Second, following Choueifaty and Coignard (2008), we compute the diversification ratio as the ratio of the weighted average of asset volatilities divided by the portfolio volatility.

$$\begin{aligned} \text {Diversification ratio}= & {} \frac{1}{T-\tau }\sum _{t=\tau }^{T}\frac{w_t'\sigma _t}{\sqrt{w_t'\Sigma _t w_t}}, \end{aligned}$$
(21)

where \(\Sigma _t\) is calculated as in Eq. (13) and \(\sigma _t=\sqrt{\text {diag}(\Sigma _t)}\). Due to its definition, the diversification ratio takes up values \(\ge 1\) and is higher when the portfolio exhibits higher (better) diversification levels.

Finally, to gain more insight into the model structure, we analyze the final \(\delta\) values of model types (3) and (7). All the values are reported on a daily basis.

Course of action

For our empirical work, we use a non-expanding rolling window study that incorporates cross-validation for our tuning parameter. As mentioned earlier, we evaluate the tuning parameter \(\delta\) for the LASSO constraint, so that it may change each day. The parameter k is left constant over time, set to 0.0005 for the 319 S&P dataset and 0.001 for the 100 S&P dataset. These values were found by checking different values k for each dataset in a small subsample. Changing k by a reasonably large number did not result in vastly different outcomes. In general, choosing a too large value for k leads to a portfolio that still has high turnover, whereas choosing it to be too small worsens its risk/return profile. The more the assets considered, the lower k should be.

To analyze the impact of both the sparsity (LASSO) and the stability (LASSO \(+\) TO) constraints, we implement a simple one-fold cross-validation for the tuning parameter \(\delta\). However, because of the described model representation of (6), which allows us to simplify the absolute value constraint, we apply our cross-validation toward the \(\lambda\) Lagrange parameter instead of \(\delta\) and restore all \(\delta\) values in a second step by simply calculating \(||w||_1=\delta\).

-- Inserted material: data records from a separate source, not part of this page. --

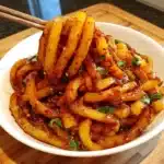 Spicy Potato Noodles are a comforting dish featuring chewy potato noodles tossed in a flavorful chili oil, perfect for a quick meal or side.
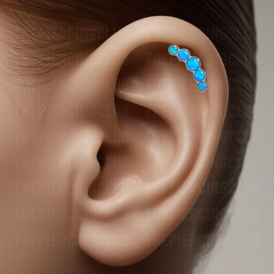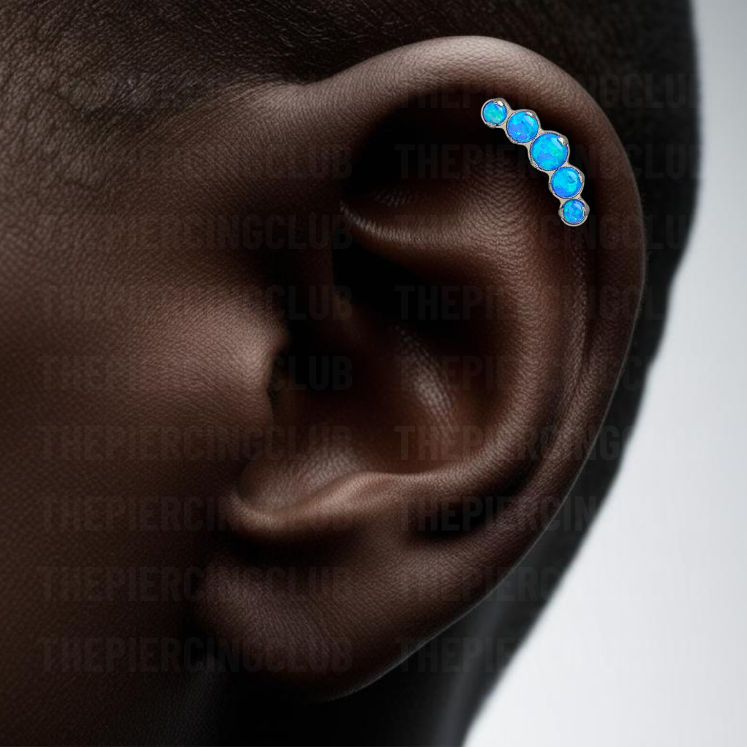 Joya 100% en titanio grado implante con pulido en su superficie pero que realmente la hace especial es su piedra de ópalo azul, hipnótico y profundo, como un cielo estrellado o las aguas de un lago misterioso. Es el detalle perfecto para resaltar tu estilo sin sacrificar el bienestar de tu piel.
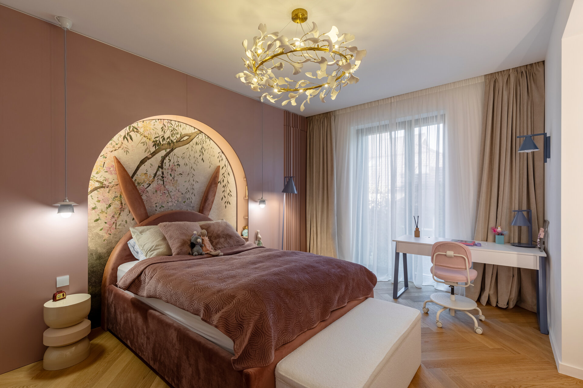 Dormitor Copil 2: Un refugiu de poveste, în roz pal, cu tăblie de pat în formă de iepure, corp circular auriu decorat cu frunze albe și elemente suspendate în formă de cești.
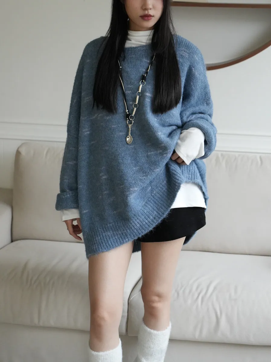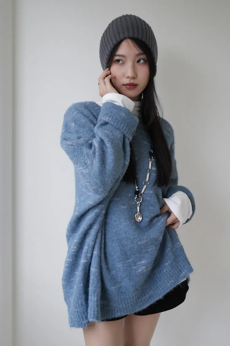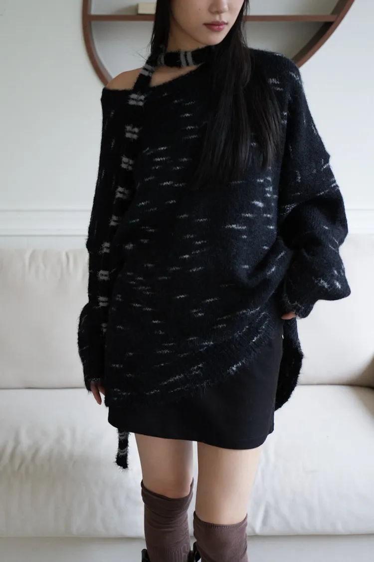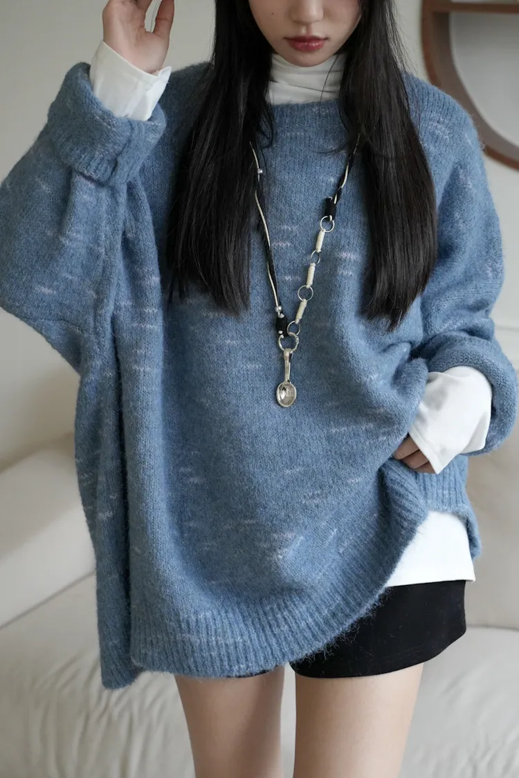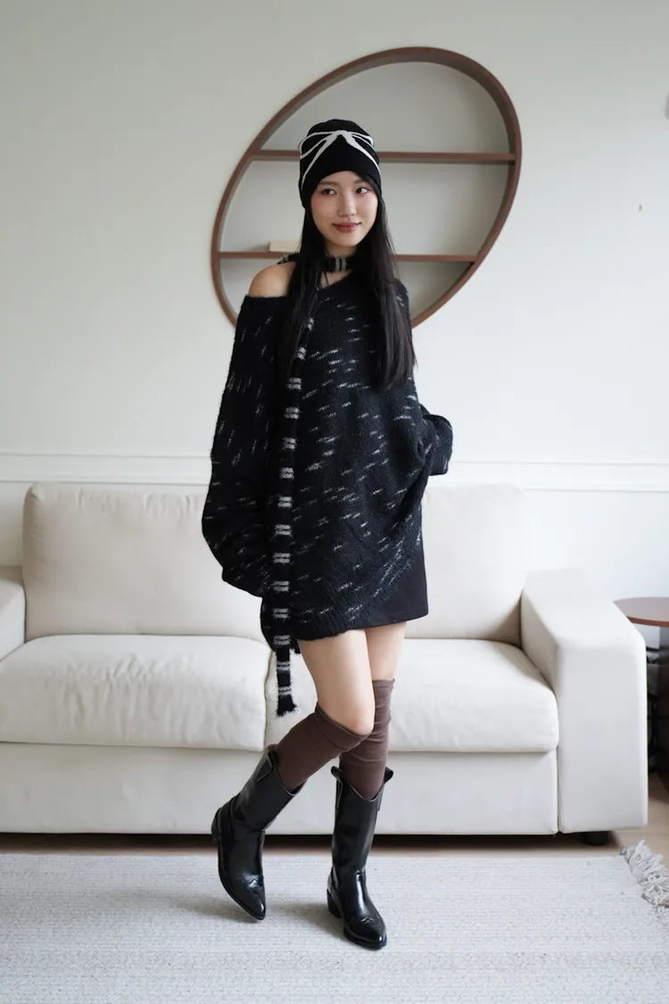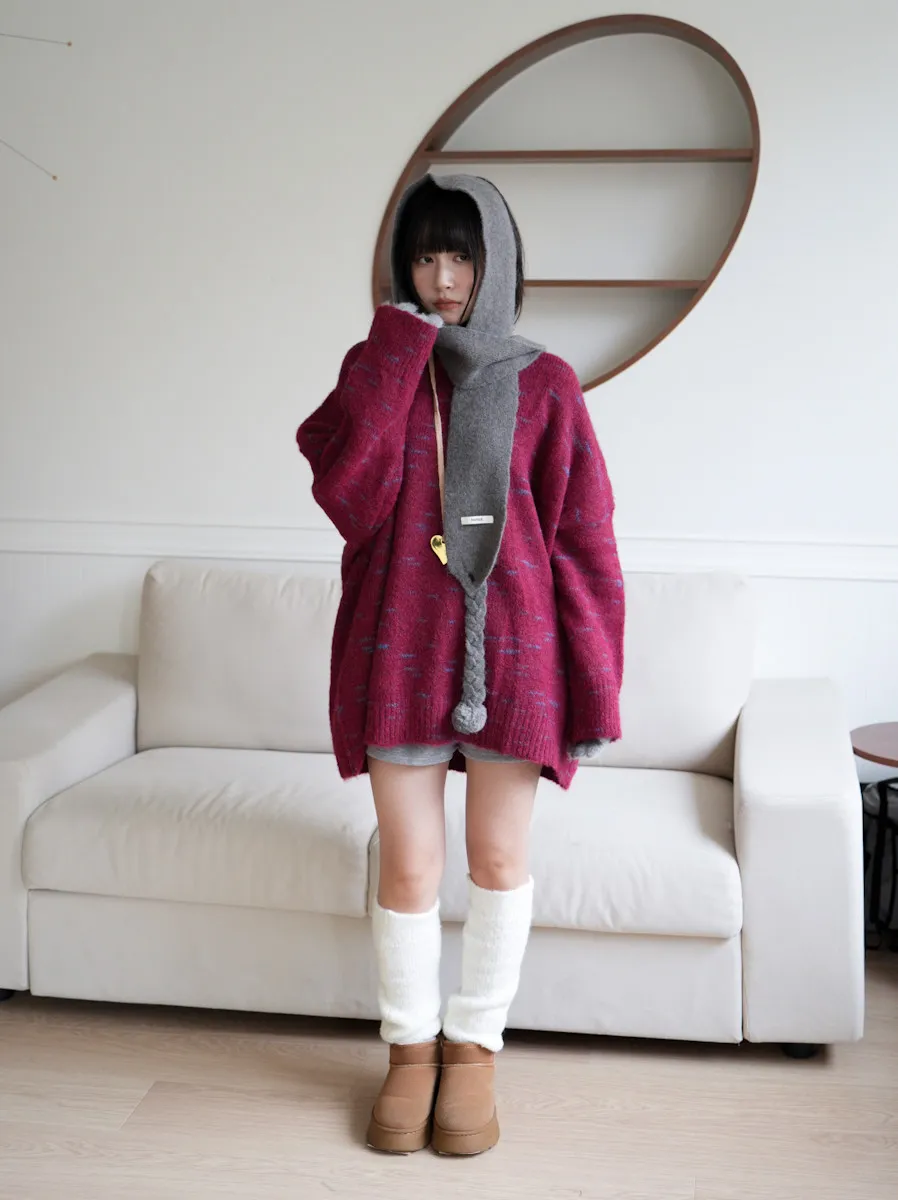 -混色雜訊over size 寬鬆大毛衣 黑4紅10
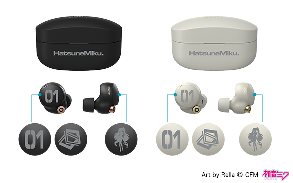 本次聯名造型上,專屬的充電盒有著「HatsuneMiku」的字樣驗明正身,耳機本體其中一耳印有「全身剪影」,另一耳則可以選擇「數字」與「髮飾」兩個款式,顯示出初音的特色。
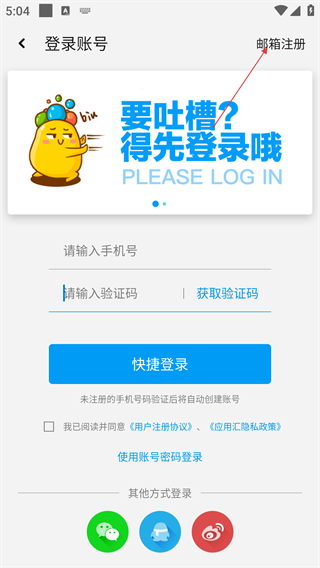 3、在登录账号界面,除手机号快捷登录外,可点击“邮箱注册”选项,切换至邮箱注册的操作界面。

We start with \(t=1\), January 2, 1998, and use the following daily returns up to \(t=504\) to create an in-sample dataset covering approximately two years of daily returns. From that data sample, we take another smaller subsample for our cross-validation consisting of the first \(504-20=484\) observations. We then calculate models (3) and (7) using 20 different \(\lambda\) values chosen from a linear sequence of numbers from \(\lambda _{t+1}=\lambda _{t}+0.00001\) to 0, whereas we initialize \(\lambda _1\) with 0.00001. The resulting weights of these 20 models are then applied to the first subsequent daily return of the cross-validation subsample (here, the 485th observation) to create an individual daily portfolio return for both models. The subsample is then shifted by one and the procedure carried out again. This is repeated until we reach the 20 observations we previously omitted. We then compare the standard deviations of the 20 out-of-sample cross-validation returns for each \(\lambda\) for both models individually. After receiving an optimal \(\lambda\), chosen to be that corresponding to the lowest standard deviation, we set our final \(\lambda\) to be \(\lambda _t\) for each model individually. Next, we calculate the weights using models (3) and (7) for all the selected data on daily in-sample returns. The true out-of-sample returns are then constructed by multiplying the calculated weights by the returns of the following period (here, the 505th observation). As model (1) needs no cross-validation, we calculate it only at this point to receive its out-of-sample portfolio return as well. We then proceed by shifting the former in-sample data by one period (i.e., a day) and repeat the procedure 4778 times until the last out-of-sample daily return covers December 31, 2018.

Results

After applying the above mentioned techniques to the 319 and 100 S&P 500 stock returns, we can analyze the suggested portfolio strategies. The major results of our study for the first dataset with 319 stocks are provided by Table 1 by sorting according to the implemented variance estimation methods in the columns and the three modeling approaches in the rows. All the values are based on out-of-sample data. First, we report the standard deviation p.a., which is the most important measure for comparing minimum-variance portfolios. Second, we use the Sharpe ratio p.a. to evaluate the return-risk profile of the suggested models. Moreover, as a proxy for transaction costs, we calculate the average daily turnover. We further report average assets, namely the average number of assets with weights different than zero included in the daily final portfolio choice, and the average short sales per day as the average of all negative weights. Finally, we compute both the concentration and the diversification ratios of all implemented model combinations. For a better overview of the data, every number in bold corresponds to the model that performed best under a certain variance estimation technique and performance measure. The underlined numbers represent the overall best model in that performance category.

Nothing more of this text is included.